## Information supplied
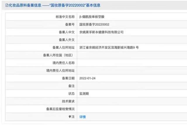 特别值得注意的是,NMN作为外用为主的化妆品原料,和以食用方式进入人体的药品、保健食品等原料,显然不能划等号。但蹊跷的是,近日相关报道对于NMPA公示信息的解读,纷纷将“化妆品原料”与“保健食品原料”两种不同范畴概念混为一谈,似存在对政策误读,或刻意误导投资者之嫌。
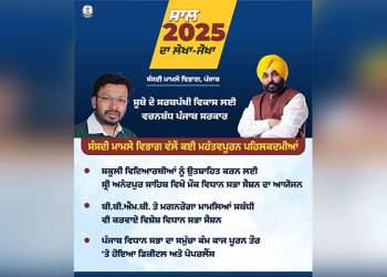 ਚੰਡੀਗੜ੍ਹ, 31 ਦਸੰਬਰ : ਪੰਜਾਬ ਦਾ ਪ੍ਰਸ਼ਾਸਨ ਸਾਲ 2025 ਦੌਰਾਨ ਵੱਡੇ ਡਿਜੀਟਲ ਬਦਲਾਅ ਦਾ ਗਵਾਹ ਬਣਿਆ ਹੈ, ਜਿਸ ਤਹਿਤ ਹੁਣ ਨਾਗਰਿਕ-ਕੇਂਦਰਿਤ ਸੇਵਾਵਾਂ ਲੋਕਾਂ ਨੂੰ ਸਿੱਧੇ ਉਨ੍ਹਾਂ ਦੇ ਦਰ ‘ਤੇ ਹੀ ...
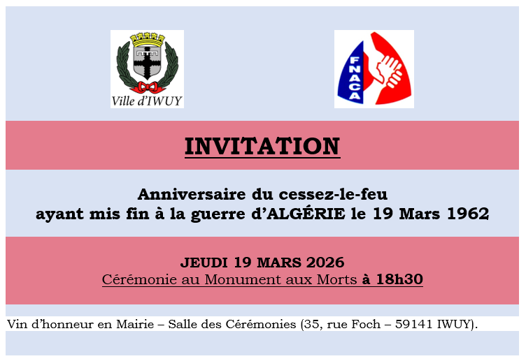 Jeudi 19 mars 2026 : Cérémonie - Anniversaire du cessez-le-feu ayant mis fin à la guerre d'Algérie
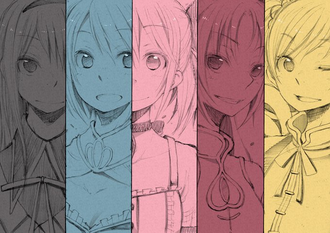 15 37 #魔法少女まどかマギカ 見滝原の中学生5人(過去絵) 23/01/29 13:54

## What this task involves
The expected answer is the data retyped exactly, without pictures.

## Exercise answer
 特别值得注意的是,NMN作为外用为主的化妆品原料,和以食用方式进入人体的药品、保健食品等原料,显然不能划等号。但蹊跷的是,近日相关报道对于NMPA公示信息的解读,纷纷将“化妆品原料”与“保健食品原料”两种不同范畴概念混为一谈,似存在对政策误读,或刻意误导投资者之嫌。
 ਚੰਡੀਗੜ੍ਹ, 31 ਦਸੰਬਰ : ਪੰਜਾਬ ਦਾ ਪ੍ਰਸ਼ਾਸਨ ਸਾਲ 2025 ਦੌਰਾਨ ਵੱਡੇ ਡਿਜੀਟਲ ਬਦਲਾਅ ਦਾ ਗਵਾਹ ਬਣਿਆ ਹੈ, ਜਿਸ ਤਹਿਤ ਹੁਣ ਨਾਗਰਿਕ-ਕੇਂਦਰਿਤ ਸੇਵਾਵਾਂ ਲੋਕਾਂ ਨੂੰ ਸਿੱਧੇ ਉਨ੍ਹਾਂ ਦੇ ਦਰ ‘ਤੇ ਹੀ ...
 Jeudi 19 mars 2026 : Cérémonie - Anniversaire du cessez-le-feu ayant mis fin à la guerre d'Algérie
 15 37 #魔法少女まどかマギカ 見滝原の中学生5人(過去絵) 23/01/29 13:54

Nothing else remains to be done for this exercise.